В этом эпизоде все художественно убедительно: и живость диалога, и эффект чуда, усиленный именно благодаря умело найденным деталям: пекарь помнит, что отрубей осталось три или четыре пригоршни, – это конкретно зримый образ и столь же зримый образ наполненного мукой сусека: ее так много, что она даже пересыпается через стенку на землю. Очень живописен следующий эпизод. Феодосии задержался по каким-то делам у князя и должен вернуться в монастырь.
Князь приказывает, чтобы Феодосия подвез в телеге некий отрок.
Тот же, увидев монаха в “убогой одежде” (Феодосии, и будучи игуменом, одевался настолько скромно, что не знавшие его принимали за монастырского повара), дерзко обращается к нему: “Чьрноризьче! Се бо ты по вься дьни пороздьнъ еси, аз же трудьн сый [вот ты все дни бездельничаешь, а я тружусь]. Не могу на кони ехати.

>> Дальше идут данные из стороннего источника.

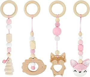 Arche Portique Deveil Eveil Bebe Bois 4 Pièces Arche de Jeux Bébé Jouet a Suspendre Bebe Arches de Jeu pour Jouet Poussette Nouveau Né en Bois pour Siège de Bébé Landau (Rose) : Amazon.fr: Bébé et Puériculture
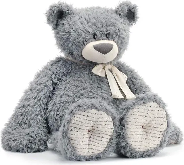 In order to maintain its hug ability, stuffed animal should be spot cleaned only. Soft touchable fabrics lend soothing comfort and love; Script print that read, "forever and always, " on the bottom of bears floppy feet

Но сице сътвориве [сделаем так]: да аз ти лягу на возе, ты же могый на кони ехати”. Феодосии соглашается. Но по мере приближения к монастырю все чаще встречаются люди, знающие Феодосия.
Они почтительно кланяются ему, и отрок понемногу начинает тревожиться: кто же этот всем известный монах, хотя и в убогой одежде?